LISTED ENTRIES =
———
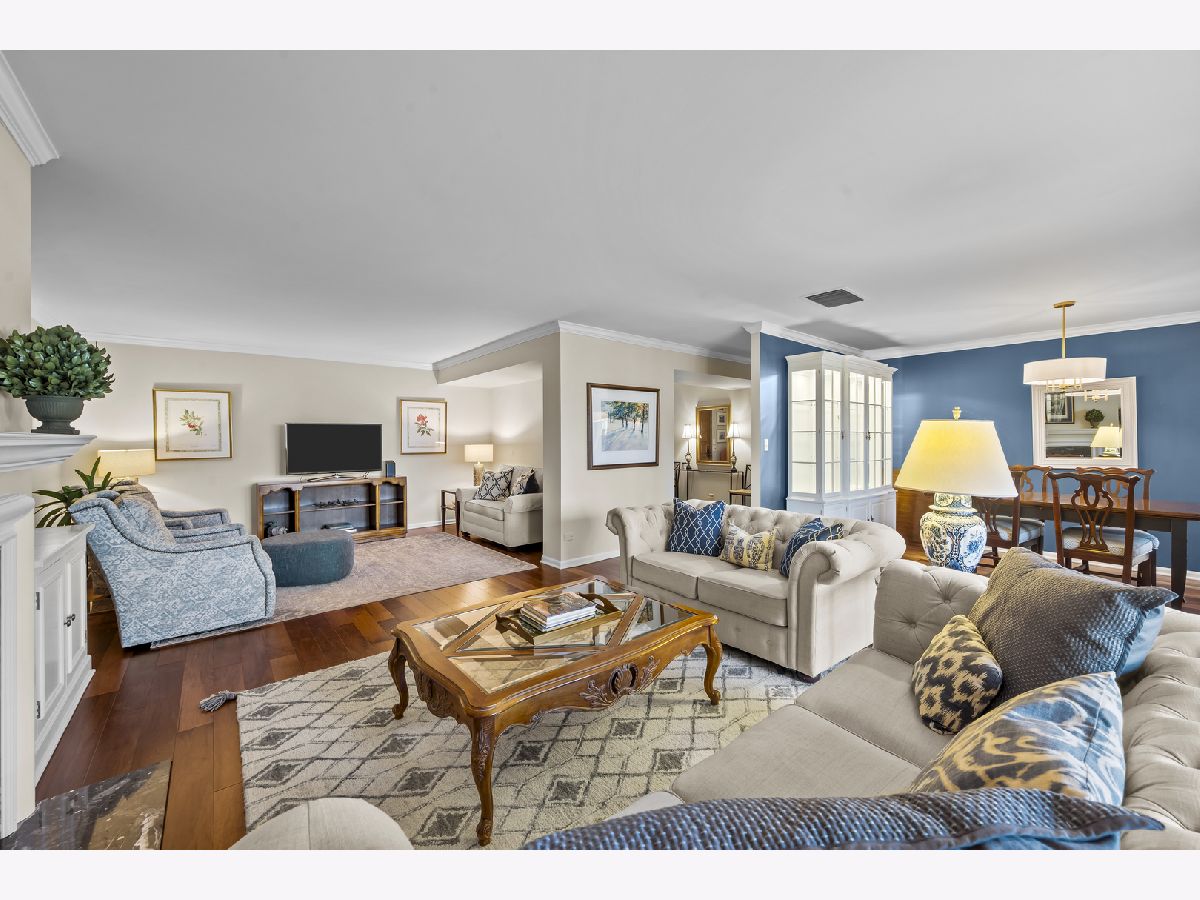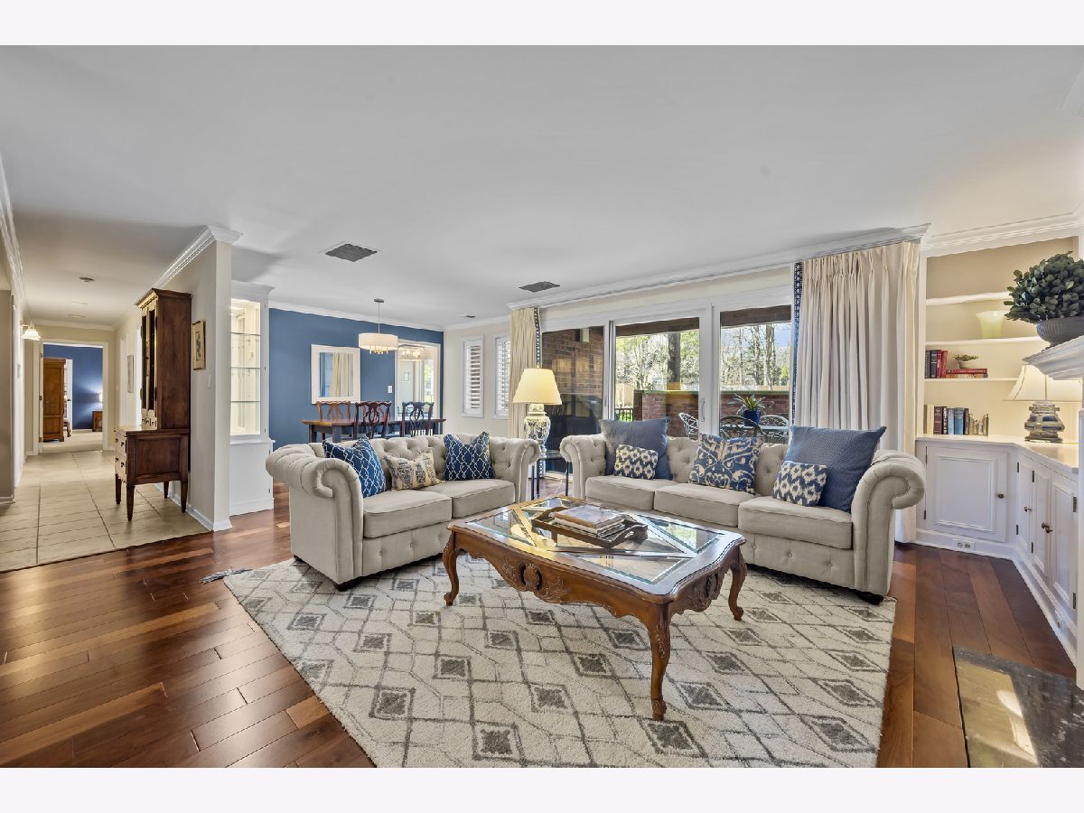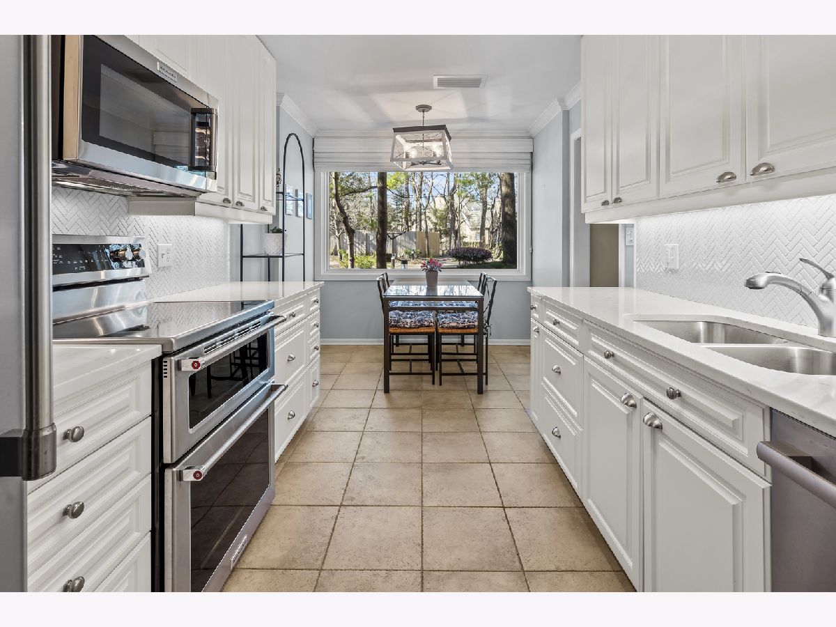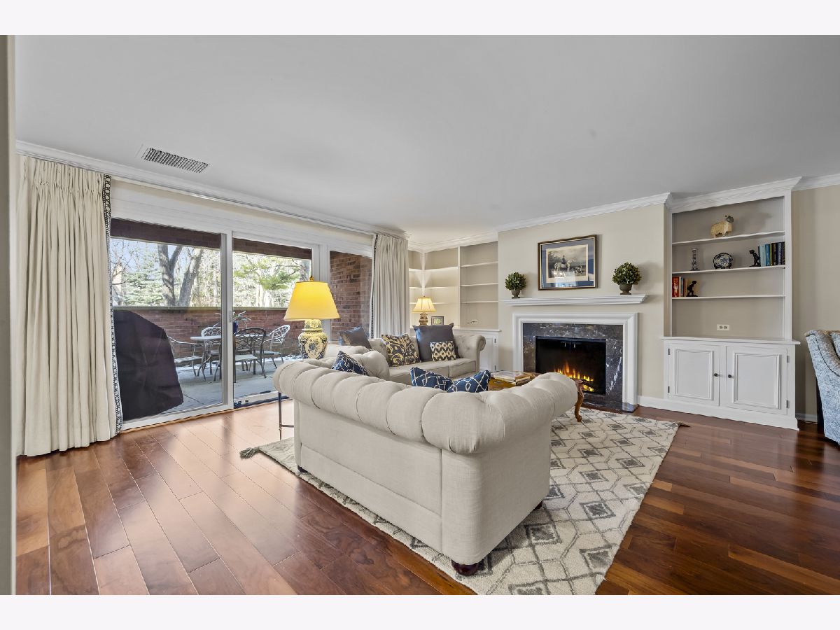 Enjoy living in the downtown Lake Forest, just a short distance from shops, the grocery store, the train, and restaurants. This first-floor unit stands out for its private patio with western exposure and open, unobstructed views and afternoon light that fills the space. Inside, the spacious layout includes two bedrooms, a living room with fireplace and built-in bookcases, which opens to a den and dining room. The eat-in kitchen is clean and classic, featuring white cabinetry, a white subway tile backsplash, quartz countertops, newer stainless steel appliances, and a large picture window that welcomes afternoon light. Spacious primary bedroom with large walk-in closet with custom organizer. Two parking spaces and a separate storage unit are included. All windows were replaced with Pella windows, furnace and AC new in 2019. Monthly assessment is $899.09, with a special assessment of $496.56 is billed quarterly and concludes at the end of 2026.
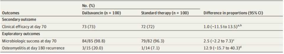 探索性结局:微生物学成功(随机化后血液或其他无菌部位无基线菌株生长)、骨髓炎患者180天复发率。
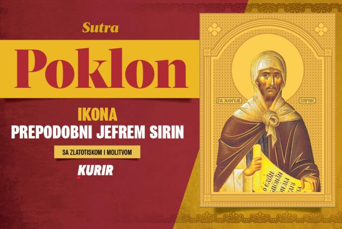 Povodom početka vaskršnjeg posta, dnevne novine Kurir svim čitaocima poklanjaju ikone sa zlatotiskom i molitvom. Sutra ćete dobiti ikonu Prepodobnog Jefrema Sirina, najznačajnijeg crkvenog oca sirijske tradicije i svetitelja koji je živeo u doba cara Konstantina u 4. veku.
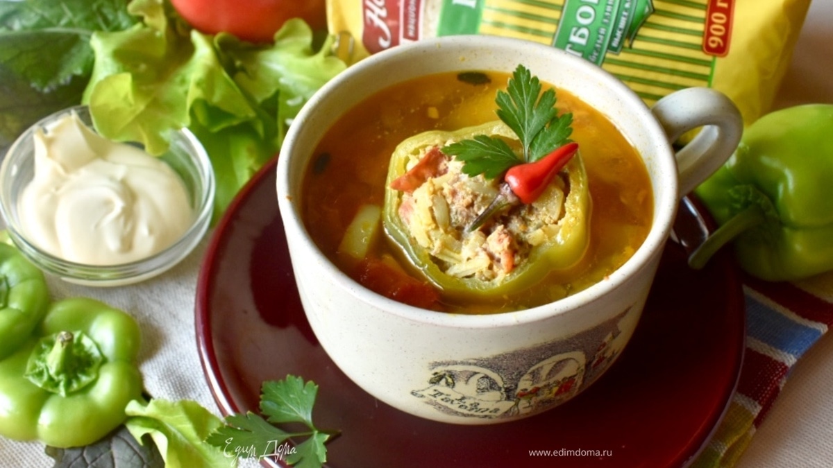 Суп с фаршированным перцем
———
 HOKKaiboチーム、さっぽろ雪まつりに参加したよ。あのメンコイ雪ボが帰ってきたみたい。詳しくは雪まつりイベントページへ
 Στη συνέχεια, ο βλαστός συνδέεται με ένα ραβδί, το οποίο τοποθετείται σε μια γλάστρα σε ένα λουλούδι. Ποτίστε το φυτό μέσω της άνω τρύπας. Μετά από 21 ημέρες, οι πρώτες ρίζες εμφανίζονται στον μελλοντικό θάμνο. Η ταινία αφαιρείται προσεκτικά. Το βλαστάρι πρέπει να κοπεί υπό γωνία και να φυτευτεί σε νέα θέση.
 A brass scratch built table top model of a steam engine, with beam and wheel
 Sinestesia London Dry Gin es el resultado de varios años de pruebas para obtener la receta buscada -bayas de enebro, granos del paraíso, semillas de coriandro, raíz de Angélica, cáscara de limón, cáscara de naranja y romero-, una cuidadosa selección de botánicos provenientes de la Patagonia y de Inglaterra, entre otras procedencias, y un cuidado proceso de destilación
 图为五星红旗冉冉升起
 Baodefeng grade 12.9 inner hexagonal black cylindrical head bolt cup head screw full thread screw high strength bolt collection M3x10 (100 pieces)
———
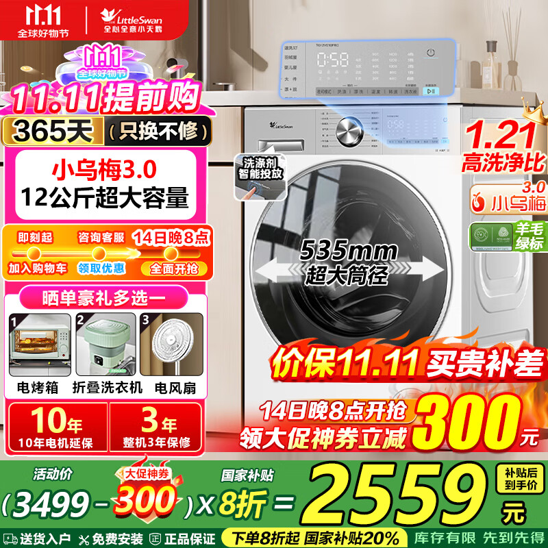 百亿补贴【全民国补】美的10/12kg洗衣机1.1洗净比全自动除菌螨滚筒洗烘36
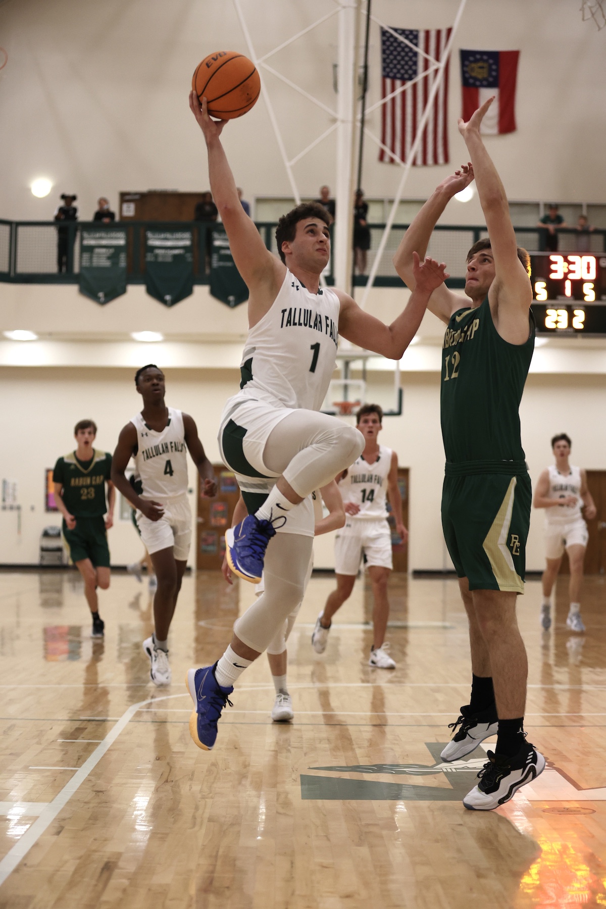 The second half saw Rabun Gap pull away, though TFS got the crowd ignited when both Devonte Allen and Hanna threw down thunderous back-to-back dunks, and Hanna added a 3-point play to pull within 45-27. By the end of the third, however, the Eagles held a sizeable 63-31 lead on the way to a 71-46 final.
———
EXERCISE BRIEF = Beginning with the line that contains "Povodom početka vaskršnjeg", write out the lines of the material above exactly, and end with the line that contains "Суп с фаршированным перцем". Omit the pictures.

WRITTEN SOLUTION =
 Povodom početka vaskršnjeg posta, dnevne novine Kurir svim čitaocima poklanjaju ikone sa zlatotiskom i molitvom. Sutra ćete dobiti ikonu Prepodobnog Jefrema Sirina, najznačajnijeg crkvenog oca sirijske tradicije i svetitelja koji je živeo u doba cara Konstantina u 4. veku.
 Суп с фаршированным перцем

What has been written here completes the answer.